The World Bank warned that as more people are able to afford healthcare
and the government ramps up insurance coverage, the risk of excessive
care may increase, in notes released from an April meeting with
policymakers and insurers.
Awareness of how to get a medical claim remains low in India and
out-of-pocket expenses remain high. While more than 630 million people
are forecast to have some form of health insurance by next year, more
than half the country will remain uninsured.
Prime Minister Narendra Modi's government is also working on what may be
the world's largest health insurance programme, partially inspired by
the "Obamacare" law in the United States.

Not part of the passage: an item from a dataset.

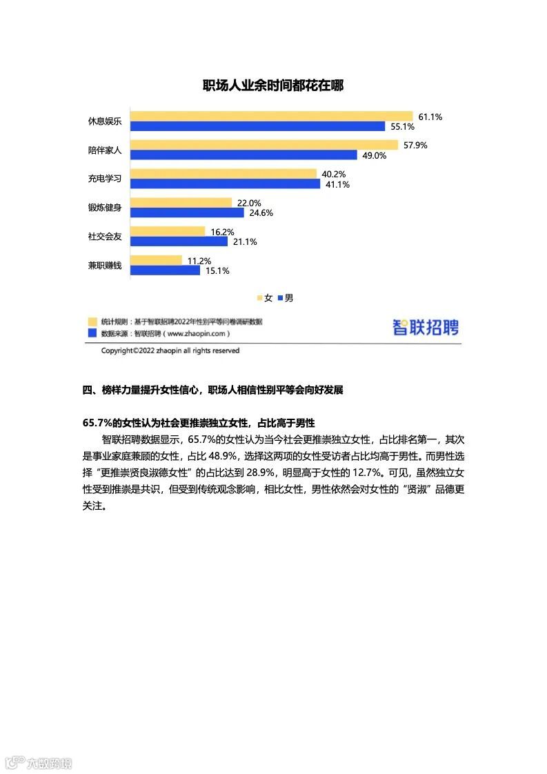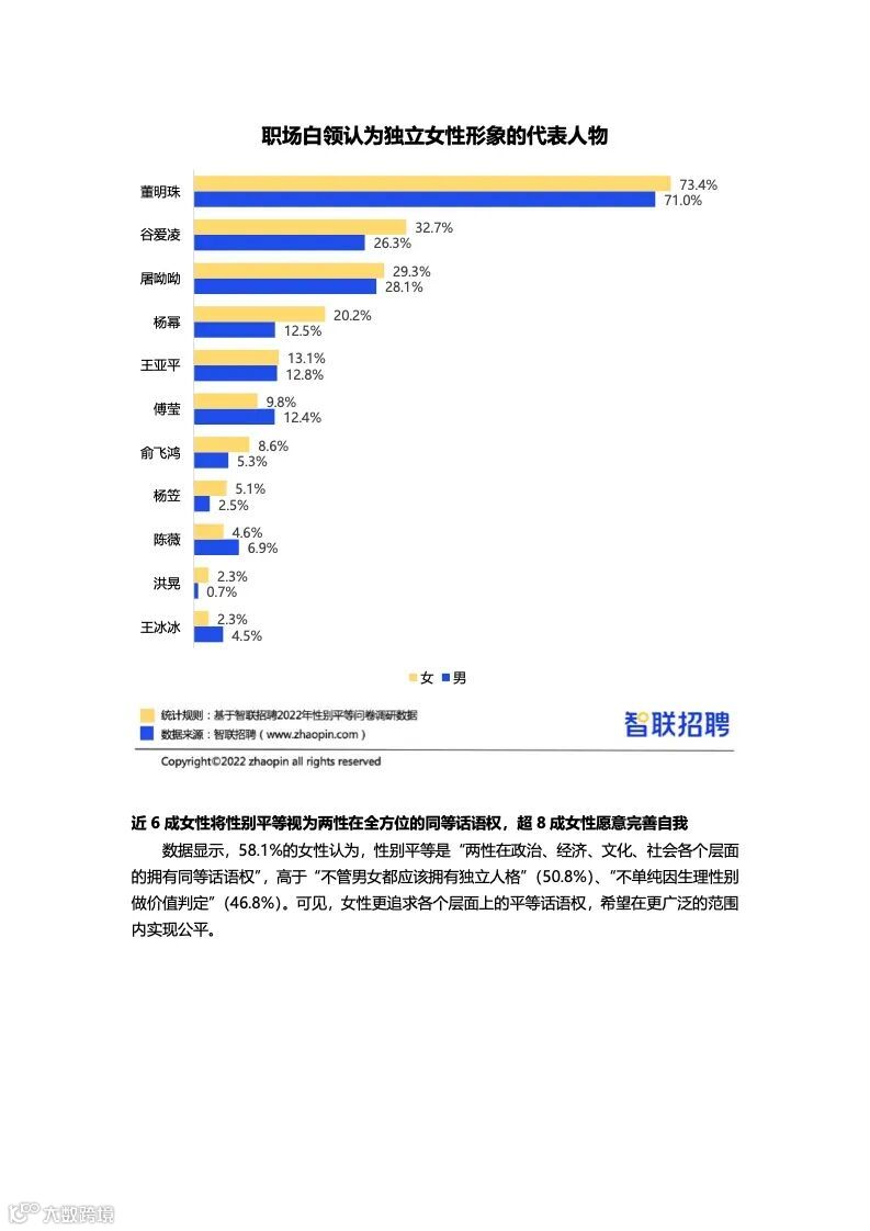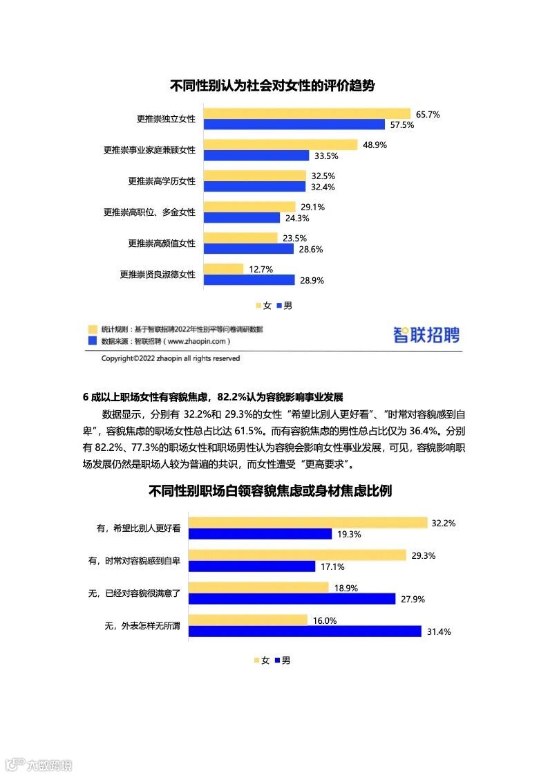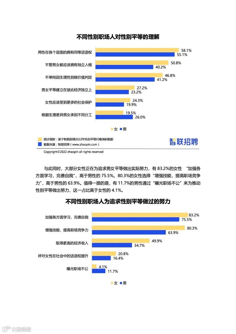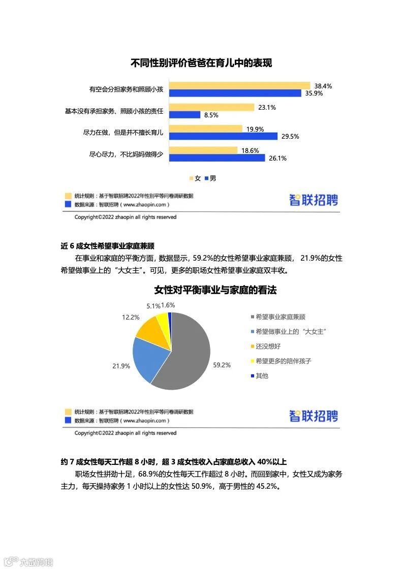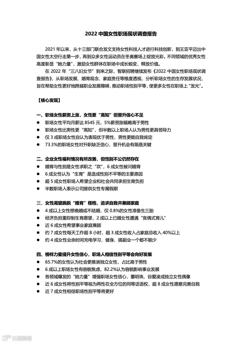 该报告从职场发展、婚育观念、家庭责任等维度透视,分析职场女性的生存发展状况。通过调研可以看出,女性正在通过自身努力实现职场上更大的发展,不断追求自我价值实现的同时,很多女性希望能够实现事业和家庭兼顾。

As more and more patients become insured, the size of their bills may
grow, the World Bank said. "Individuals in India with private voluntary
health insurance are two to three times more likely to be hospitalised
than the national average."
Some doctors in India have already joined the movement. Last month, the
All India Institute of Medical Sciences convened a "Society for Less
Investigative Medicine", which puts the onus on both doctors and
patients to tackle the problem.
The society's founder, Balram Bhargava, said it was not ideal that
Indian doctors adopted the so-called American medicine practice of
taking a defensive strategy of doing checkups to avoid patient
litigation.
UNHEALTHY PRACTICES
Last week, Health Minister Harsh Vardhan called for tougher laws in the
health sector after a television news channel reported that some
laboratories allegedly offered kickbacks to doctors who referred
patients to their diagnostic centres.
Some doctors complain unethical behaviour is more rampant in the vast
sector of private health care providers that capitalise on low spending
in the public health system. Private health providers have created 80
percent of the new hospital bed capacity in the last decade, according
to PwC-NatHealth report.
Malpractice, such as falsifying patients' diagnoses to pass
unnecessarily high bills on to insurers, led one worker in private
health to quit his job in favour of a low-paying government health
service job.
"I quit because there was dirt there," said Sunil, who declined to give
his last name or the name of the hospital he left. "Such practices did
not suit my conscience."
Arun Gadre, an associate coordinator at the non-profit organisation
SATHI, is publishing a book featuring interviews with dozens of doctors
in the private sector.
"The medical private sector has stooped to such low levels just to earn money," Gadre, himself a doctor, said.
"One nephrologist working in a corporate hospital was asked by his CEO
for an explanation why a person was discharged without kidney biopsy,
even though no operation was actually required."